Zur Dienstplanung im Krankenhaus gehören Dienstformen, Planungsfrist, Wunschverfahren, mögliche Änderungen, Arbeitszeiterfassung und Ausgleich. Zahlen sollten aus der konkreten Abteilung stammen und einen nachvollziehbaren Zeitraum abbilden.
Bei der Dienstplanung im Krankenhaus können Tarifverträge verbindliche Fristen, Belastungsgrenzen und Zuschläge vorgeben. HR muss deshalb prüfen, welcher Tarifvertrag sowie welche Betriebs- oder Dienstvereinbarung gilt.

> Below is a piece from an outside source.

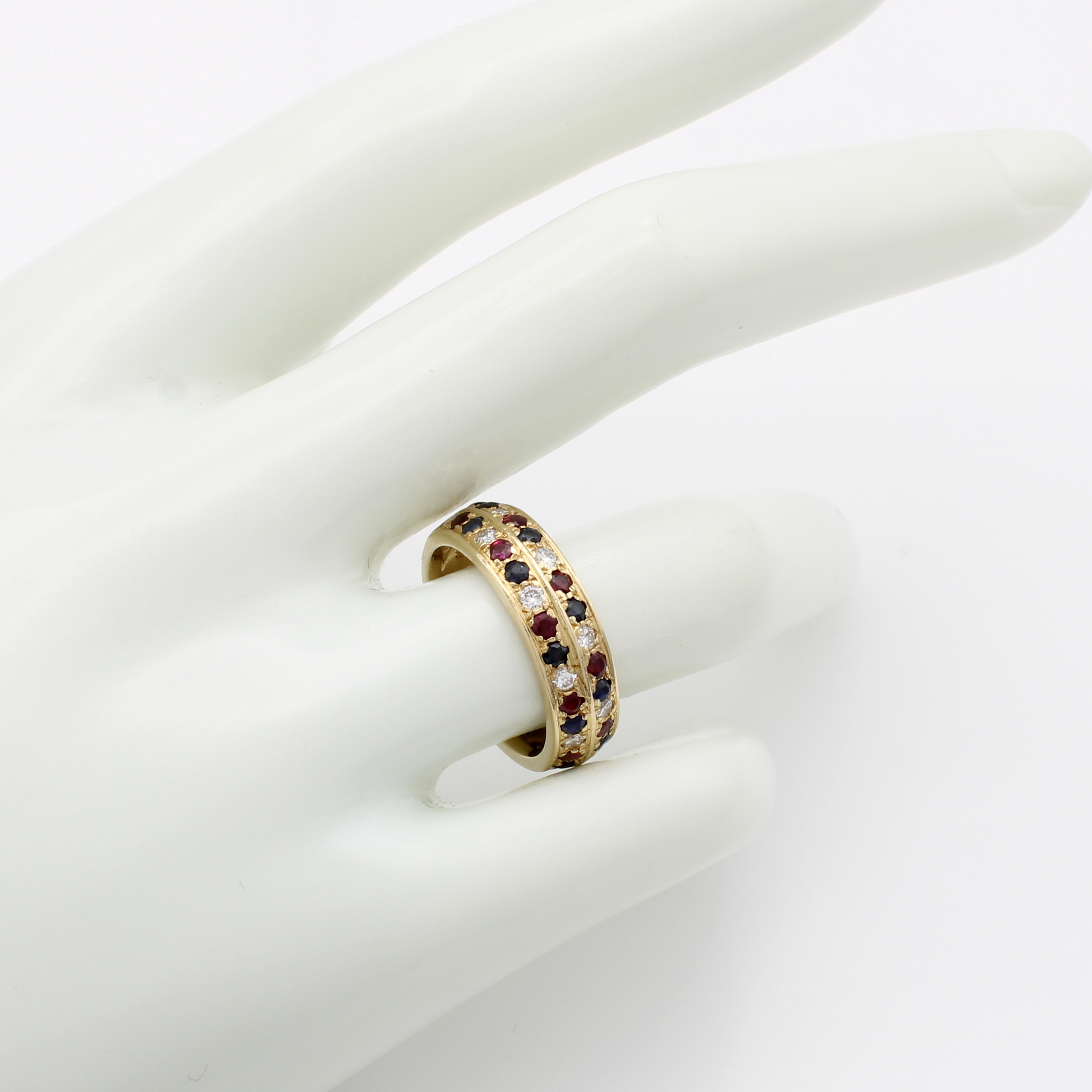 Ring mit Rubinen, Saphiren und Brillanten, GG 585/000, Rubine zus. ca. 0.36 ct, Saphire zus. ca. 0.36 ct u. Brill. zus. ca. 0.36 ct feines Weiß/vs, RW ca. 54 Schätzpreis: 1600, - EUR

Die Dienstplanung im Krankenhaus lässt sich mit Kennzahlen zu Vorlauf, Planänderungen, kurzfristigen Einsätzen, tatsächlicher Arbeitszeit und Überstunden belegen. Aussagen sollten auf Daten aus mehreren Monaten beruhen und abteilungsspezifisch sein.
- Institut für Qualitätsmessung und Evaluation und Marburger Bund (2025), MB-Monitor 2024, Ergebnisse der Mitgliederbefragung des Marburger Bundes, Berlin, marburger-bund.de… (zuletzt abgerufen am 31.07.2026)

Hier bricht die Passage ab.